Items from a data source
-.-.-

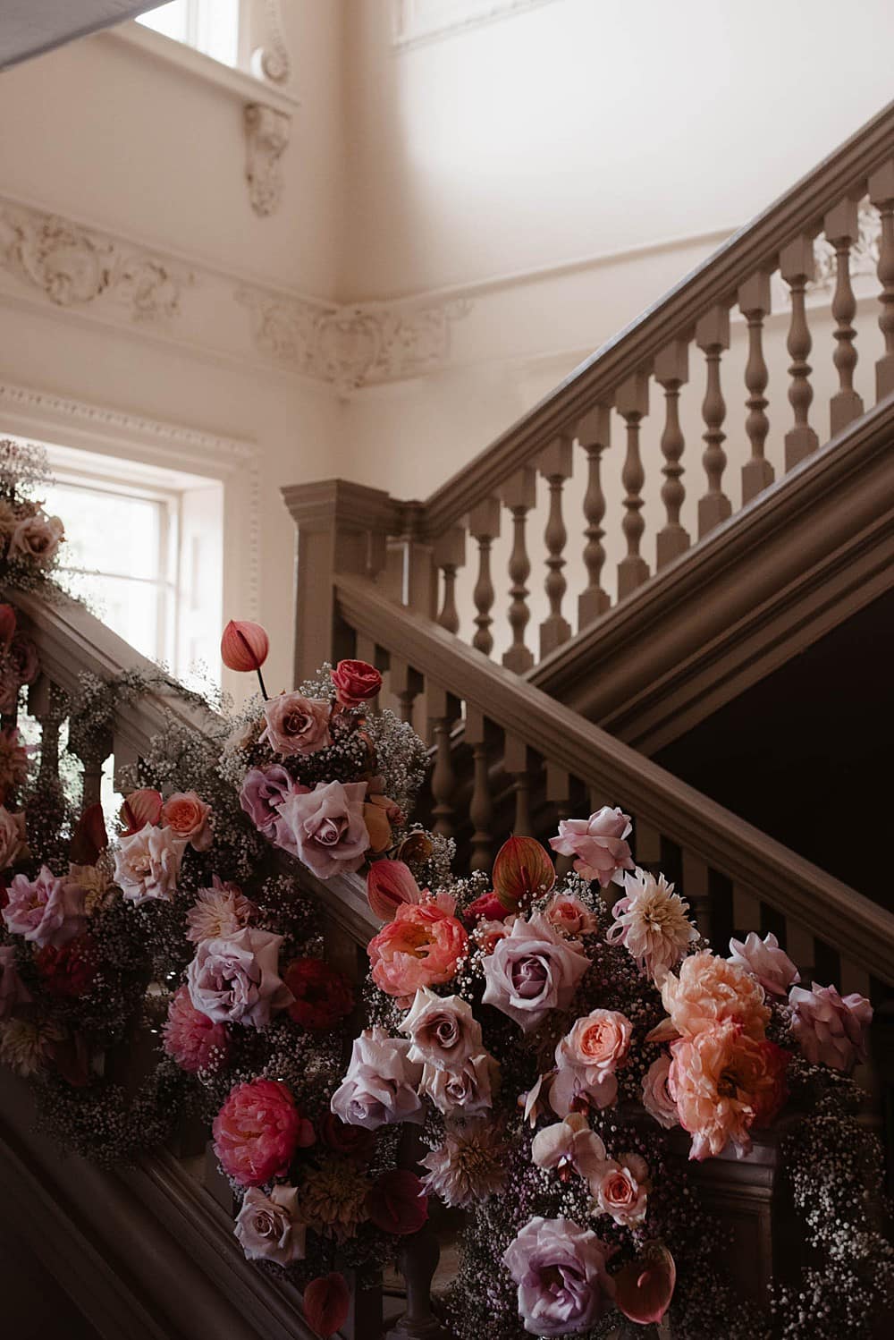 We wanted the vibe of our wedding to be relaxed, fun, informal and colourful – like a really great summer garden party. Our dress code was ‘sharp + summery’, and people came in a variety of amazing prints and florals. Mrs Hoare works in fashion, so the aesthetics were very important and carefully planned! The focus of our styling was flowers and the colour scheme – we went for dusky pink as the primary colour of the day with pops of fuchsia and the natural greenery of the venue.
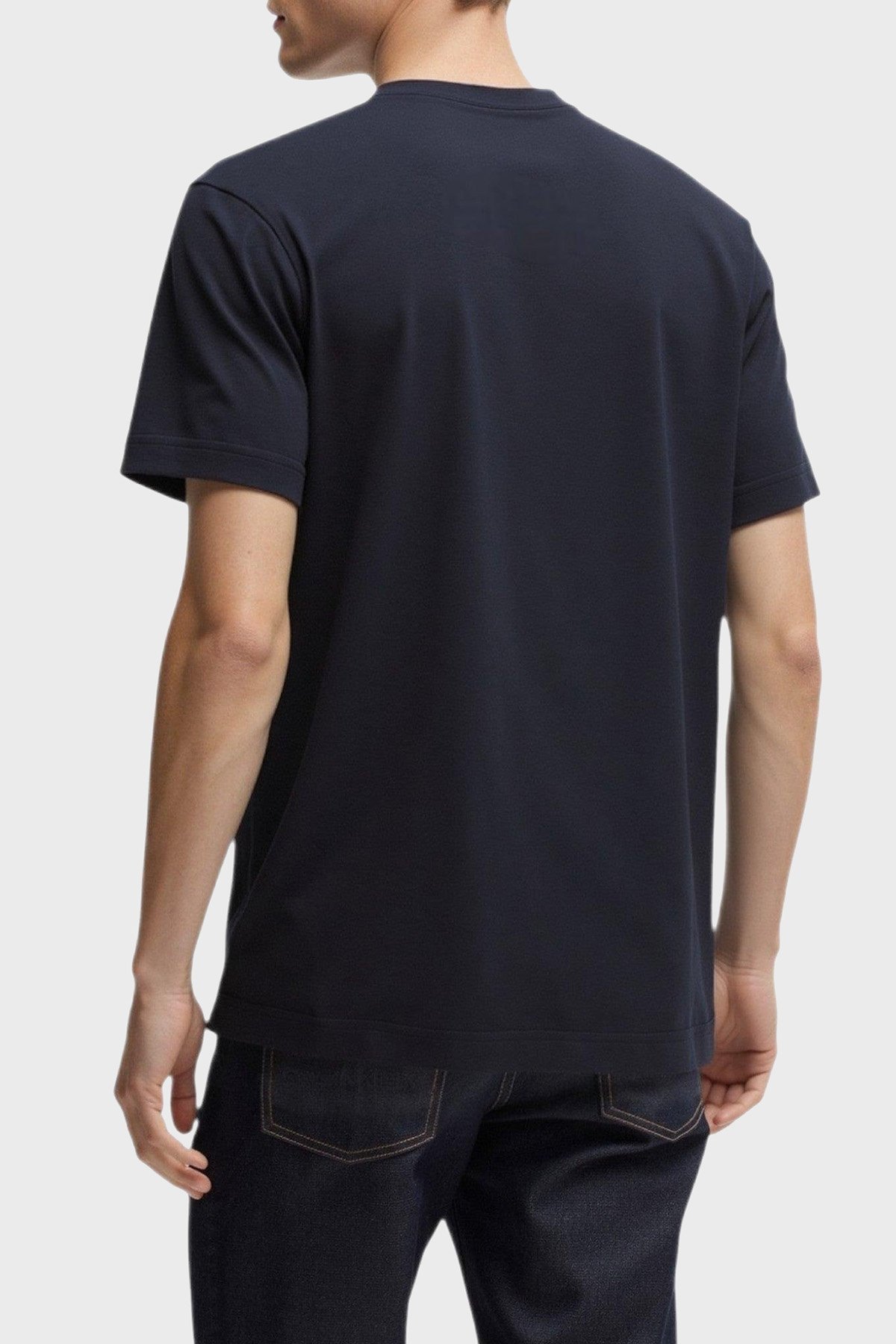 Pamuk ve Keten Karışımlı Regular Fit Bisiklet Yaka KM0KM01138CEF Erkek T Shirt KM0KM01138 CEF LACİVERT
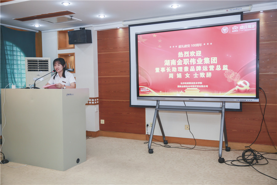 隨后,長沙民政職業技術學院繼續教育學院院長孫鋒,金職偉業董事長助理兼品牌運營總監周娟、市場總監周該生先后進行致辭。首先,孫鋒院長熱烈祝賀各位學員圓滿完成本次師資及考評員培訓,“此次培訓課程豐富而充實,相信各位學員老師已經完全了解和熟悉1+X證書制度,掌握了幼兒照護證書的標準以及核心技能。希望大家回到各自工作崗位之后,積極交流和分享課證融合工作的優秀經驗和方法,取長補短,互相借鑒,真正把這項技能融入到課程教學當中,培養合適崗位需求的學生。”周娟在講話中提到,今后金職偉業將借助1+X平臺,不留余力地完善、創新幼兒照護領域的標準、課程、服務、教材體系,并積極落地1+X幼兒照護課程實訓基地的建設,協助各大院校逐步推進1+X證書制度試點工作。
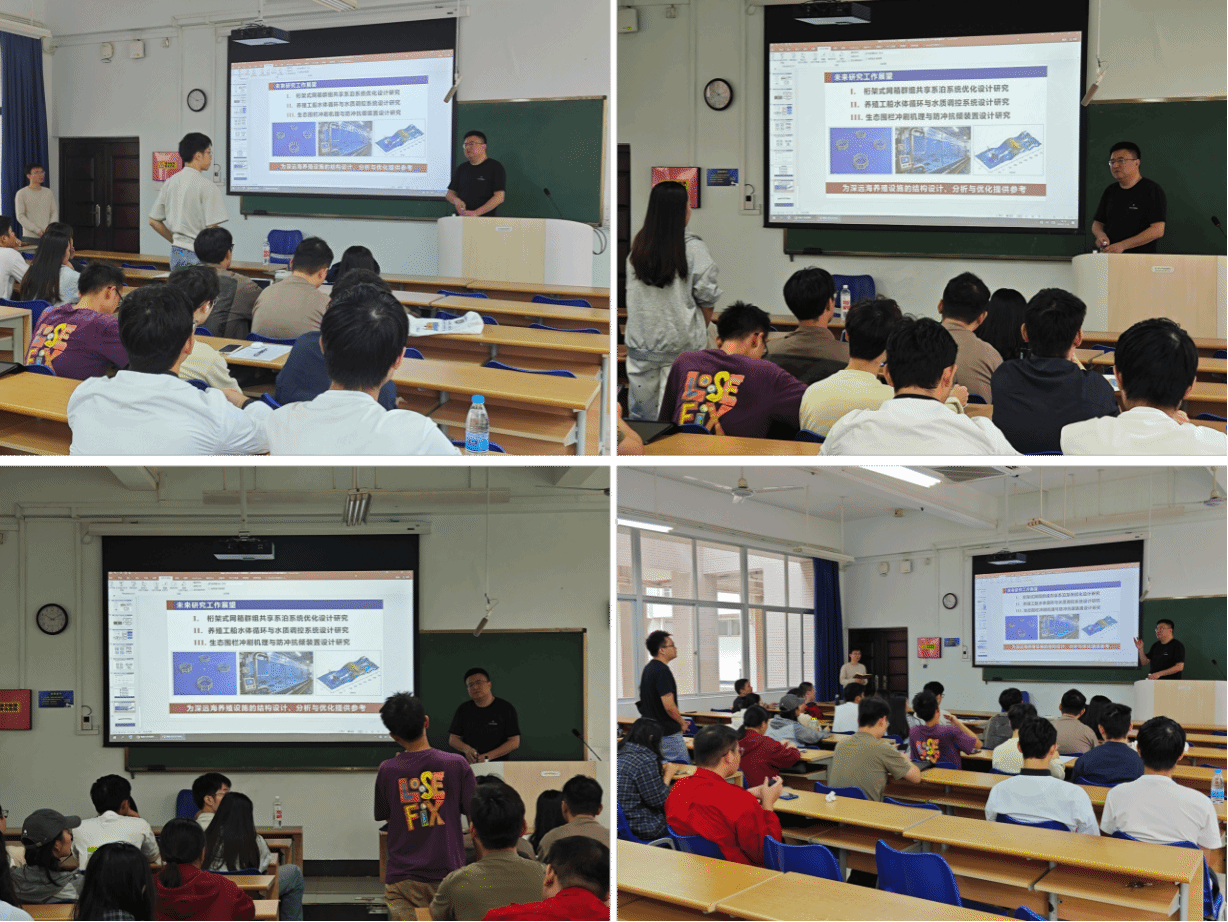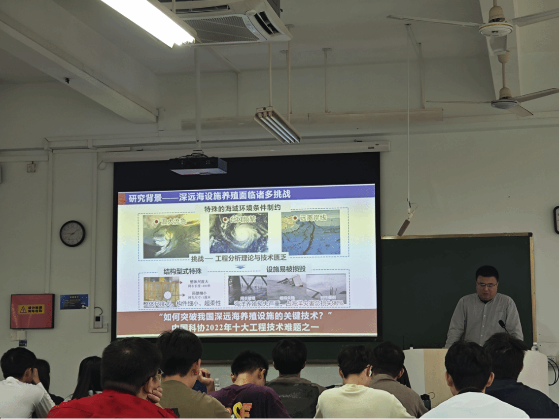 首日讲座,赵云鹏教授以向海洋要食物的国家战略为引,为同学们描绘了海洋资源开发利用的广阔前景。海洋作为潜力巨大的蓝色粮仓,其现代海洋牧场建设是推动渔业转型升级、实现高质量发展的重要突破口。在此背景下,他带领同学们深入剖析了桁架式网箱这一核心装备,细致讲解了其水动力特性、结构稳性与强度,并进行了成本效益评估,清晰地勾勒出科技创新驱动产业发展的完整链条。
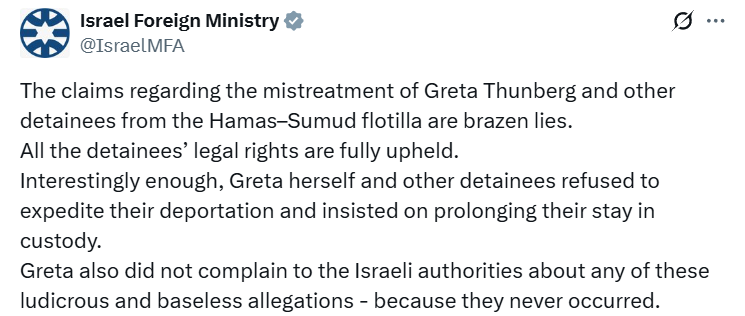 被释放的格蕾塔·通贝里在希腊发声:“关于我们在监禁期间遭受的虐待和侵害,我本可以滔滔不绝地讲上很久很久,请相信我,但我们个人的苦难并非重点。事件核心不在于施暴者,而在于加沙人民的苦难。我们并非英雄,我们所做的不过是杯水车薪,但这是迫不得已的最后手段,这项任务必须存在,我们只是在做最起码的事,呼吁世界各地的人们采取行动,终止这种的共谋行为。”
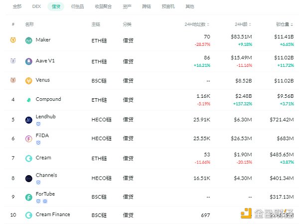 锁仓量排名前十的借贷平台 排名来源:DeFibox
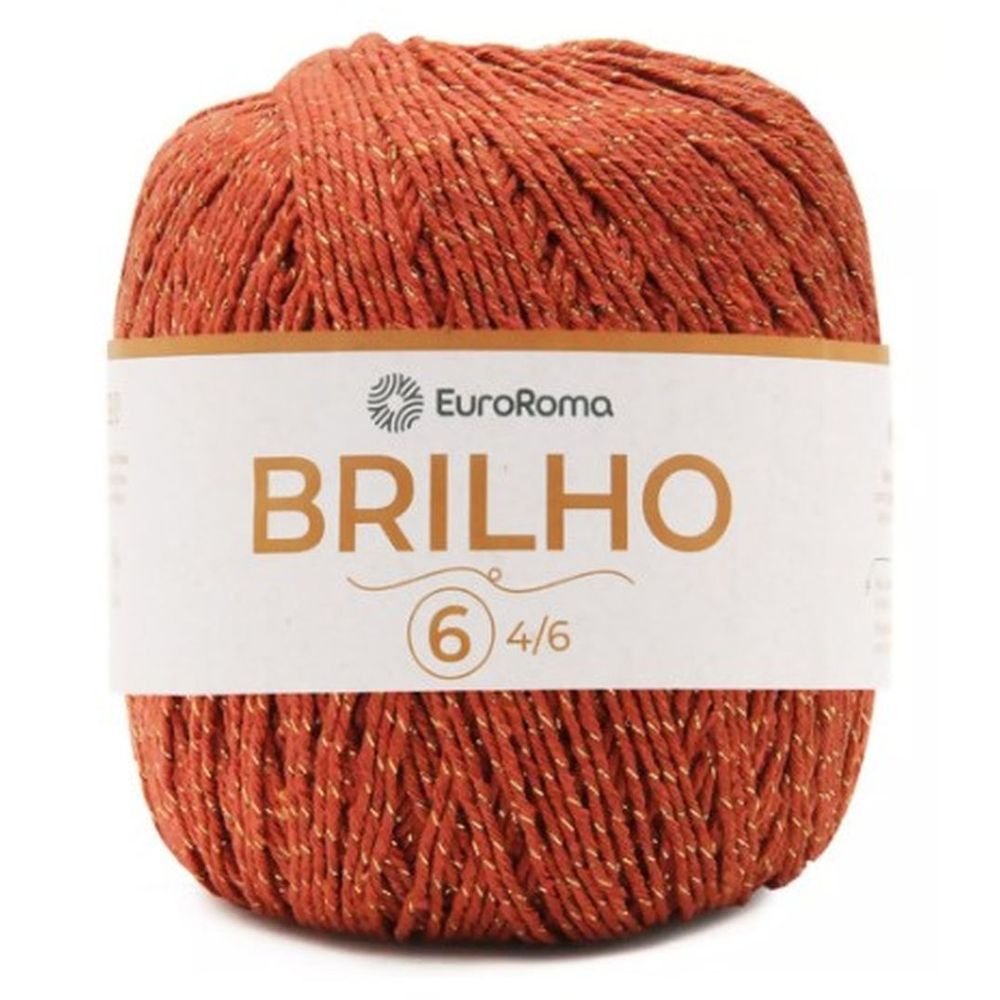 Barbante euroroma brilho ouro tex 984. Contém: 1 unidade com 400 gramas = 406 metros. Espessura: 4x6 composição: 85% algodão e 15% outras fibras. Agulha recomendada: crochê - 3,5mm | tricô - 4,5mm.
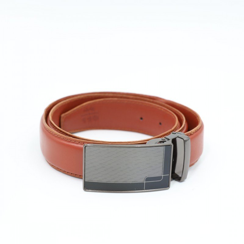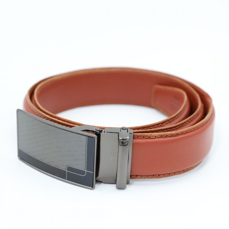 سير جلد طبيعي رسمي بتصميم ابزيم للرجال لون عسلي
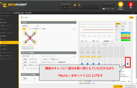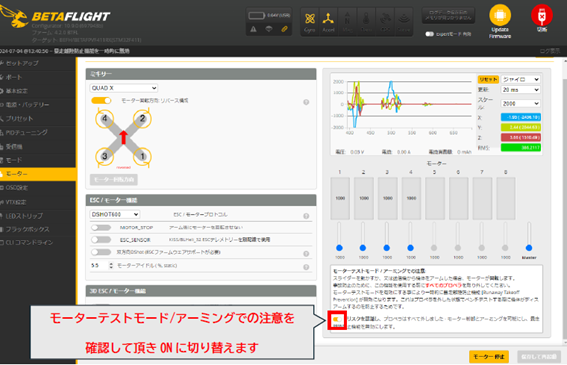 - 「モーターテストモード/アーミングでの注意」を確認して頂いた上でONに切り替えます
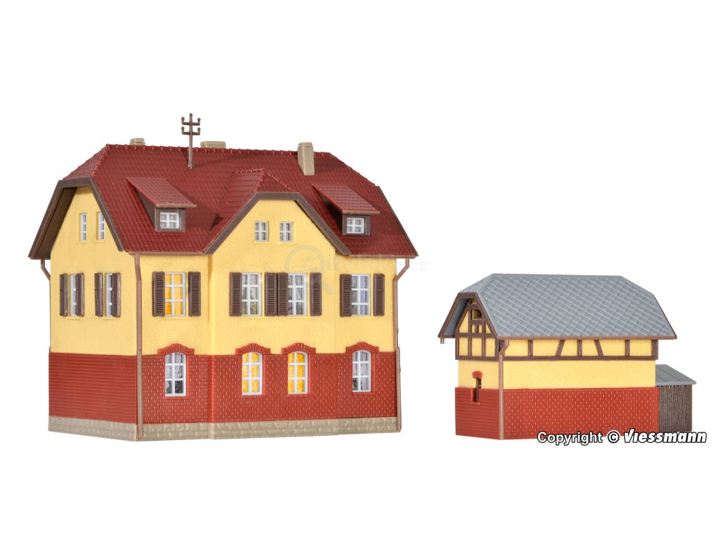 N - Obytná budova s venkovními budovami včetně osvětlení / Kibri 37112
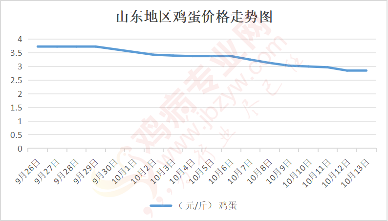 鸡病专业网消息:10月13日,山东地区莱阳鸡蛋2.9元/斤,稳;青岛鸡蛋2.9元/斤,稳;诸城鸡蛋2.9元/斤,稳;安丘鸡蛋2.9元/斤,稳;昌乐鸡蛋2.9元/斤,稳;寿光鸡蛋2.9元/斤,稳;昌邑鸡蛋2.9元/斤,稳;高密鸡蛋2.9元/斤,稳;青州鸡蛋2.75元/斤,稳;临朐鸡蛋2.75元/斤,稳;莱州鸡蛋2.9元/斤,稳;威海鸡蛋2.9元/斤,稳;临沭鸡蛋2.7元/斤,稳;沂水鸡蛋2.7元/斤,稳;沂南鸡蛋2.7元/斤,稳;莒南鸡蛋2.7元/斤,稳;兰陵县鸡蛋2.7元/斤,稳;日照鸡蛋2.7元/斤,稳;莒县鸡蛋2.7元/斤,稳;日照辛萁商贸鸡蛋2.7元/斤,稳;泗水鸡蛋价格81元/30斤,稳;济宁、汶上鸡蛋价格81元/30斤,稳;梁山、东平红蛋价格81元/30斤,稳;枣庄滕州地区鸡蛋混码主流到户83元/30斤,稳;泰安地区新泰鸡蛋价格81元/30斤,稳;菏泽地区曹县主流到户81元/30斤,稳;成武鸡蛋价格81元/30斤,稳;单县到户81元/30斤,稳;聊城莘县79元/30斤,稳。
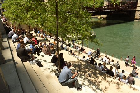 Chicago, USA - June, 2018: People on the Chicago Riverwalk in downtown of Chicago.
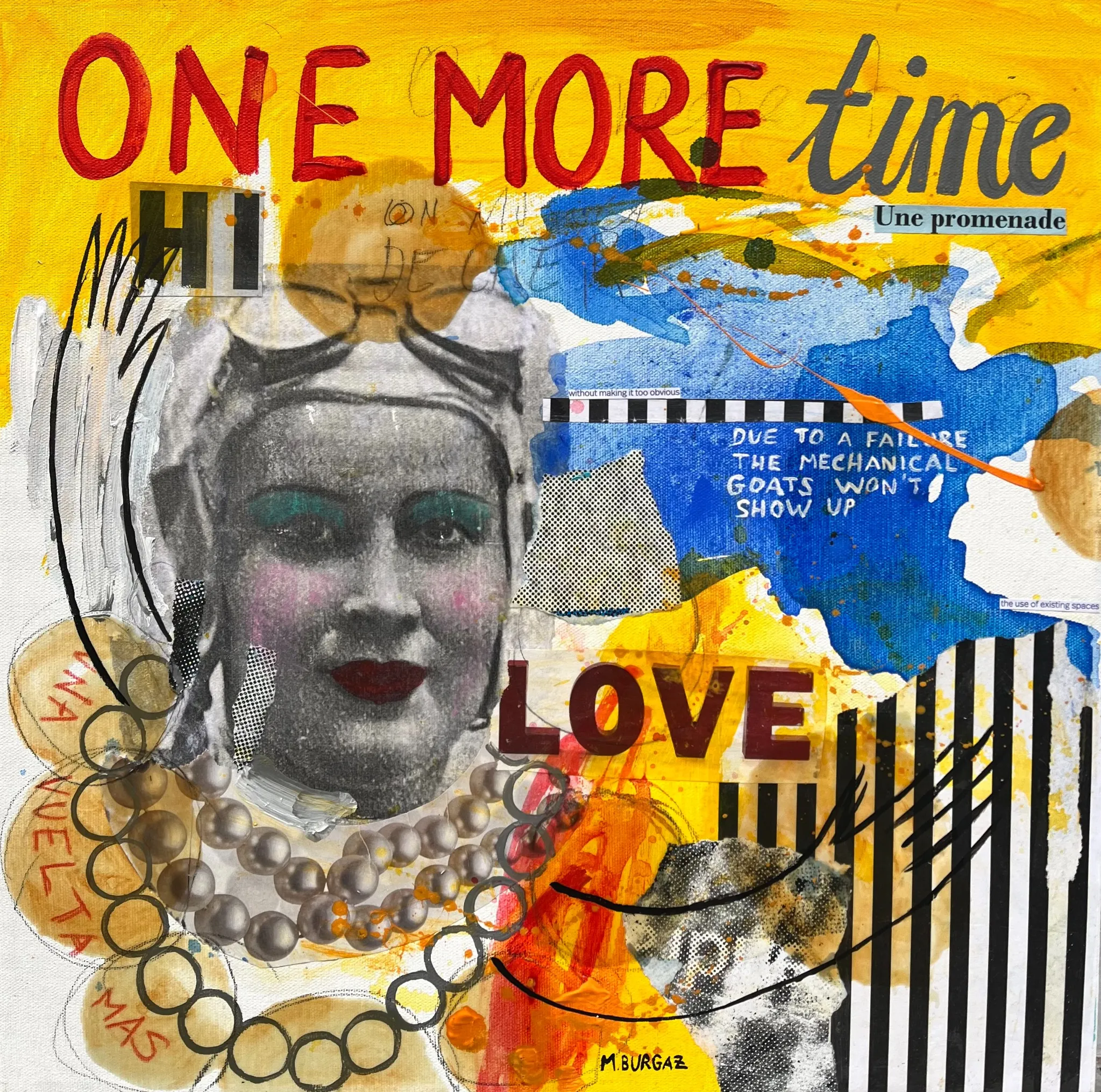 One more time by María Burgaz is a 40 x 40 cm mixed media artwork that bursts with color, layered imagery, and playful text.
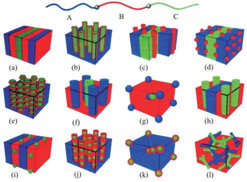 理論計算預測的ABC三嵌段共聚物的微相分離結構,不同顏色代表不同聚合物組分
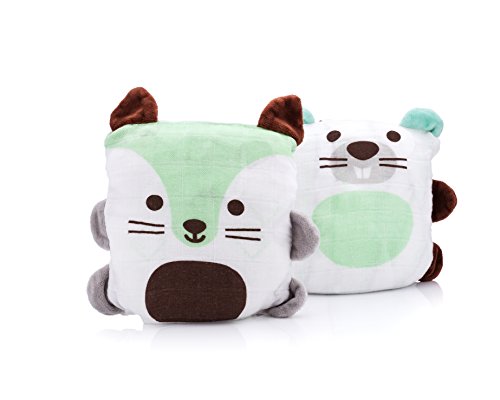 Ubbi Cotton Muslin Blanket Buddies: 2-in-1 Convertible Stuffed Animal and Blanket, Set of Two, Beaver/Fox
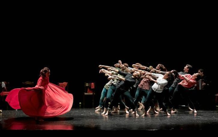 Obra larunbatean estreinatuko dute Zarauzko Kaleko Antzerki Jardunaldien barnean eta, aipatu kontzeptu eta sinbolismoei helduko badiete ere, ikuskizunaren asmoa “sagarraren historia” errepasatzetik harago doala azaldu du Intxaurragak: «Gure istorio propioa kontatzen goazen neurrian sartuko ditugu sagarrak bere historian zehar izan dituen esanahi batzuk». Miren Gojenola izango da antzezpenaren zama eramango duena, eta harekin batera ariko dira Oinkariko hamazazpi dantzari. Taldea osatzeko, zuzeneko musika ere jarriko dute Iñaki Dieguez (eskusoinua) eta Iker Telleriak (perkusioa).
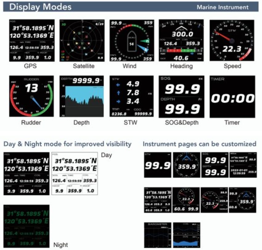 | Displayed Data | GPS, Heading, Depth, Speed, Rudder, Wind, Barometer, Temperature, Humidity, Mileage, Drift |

-.-.-

PROBLEM DETAILS:
Print only the lines from the first line of the data above through the one containing "锁仓量排名前十的借贷平台 排名来源:DeFibox", exactly as they are, with pictures omitted.

RESPONSE FOR THIS EXERCISE:
 We wanted the vibe of our wedding to be relaxed, fun, informal and colourful – like a really great summer garden party. Our dress code was ‘sharp + summery’, and people came in a variety of amazing prints and florals. Mrs Hoare works in fashion, so the aesthetics were very important and carefully planned! The focus of our styling was flowers and the colour scheme – we went for dusky pink as the primary colour of the day with pops of fuchsia and the natural greenery of the venue.
 Pamuk ve Keten Karışımlı Regular Fit Bisiklet Yaka KM0KM01138CEF Erkek T Shirt KM0KM01138 CEF LACİVERT
 隨后,長沙民政職業技術學院繼續教育學院院長孫鋒,金職偉業董事長助理兼品牌運營總監周娟、市場總監周該生先后進行致辭。首先,孫鋒院長熱烈祝賀各位學員圓滿完成本次師資及考評員培訓,“此次培訓課程豐富而充實,相信各位學員老師已經完全了解和熟悉1+X證書制度,掌握了幼兒照護證書的標準以及核心技能。希望大家回到各自工作崗位之后,積極交流和分享課證融合工作的優秀經驗和方法,取長補短,互相借鑒,真正把這項技能融入到課程教學當中,培養合適崗位需求的學生。”周娟在講話中提到,今后金職偉業將借助1+X平臺,不留余力地完善、創新幼兒照護領域的標準、課程、服務、教材體系,并積極落地1+X幼兒照護課程實訓基地的建設,協助各大院校逐步推進1+X證書制度試點工作。
 首日讲座,赵云鹏教授以向海洋要食物的国家战略为引,为同学们描绘了海洋资源开发利用的广阔前景。海洋作为潜力巨大的蓝色粮仓,其现代海洋牧场建设是推动渔业转型升级、实现高质量发展的重要突破口。在此背景下,他带领同学们深入剖析了桁架式网箱这一核心装备,细致讲解了其水动力特性、结构稳性与强度,并进行了成本效益评估,清晰地勾勒出科技创新驱动产业发展的完整链条。
 被释放的格蕾塔·通贝里在希腊发声:“关于我们在监禁期间遭受的虐待和侵害,我本可以滔滔不绝地讲上很久很久,请相信我,但我们个人的苦难并非重点。事件核心不在于施暴者,而在于加沙人民的苦难。我们并非英雄,我们所做的不过是杯水车薪,但这是迫不得已的最后手段,这项任务必须存在,我们只是在做最起码的事,呼吁世界各地的人们采取行动,终止这种的共谋行为。”
 锁仓量排名前十的借贷平台 排名来源:DeFibox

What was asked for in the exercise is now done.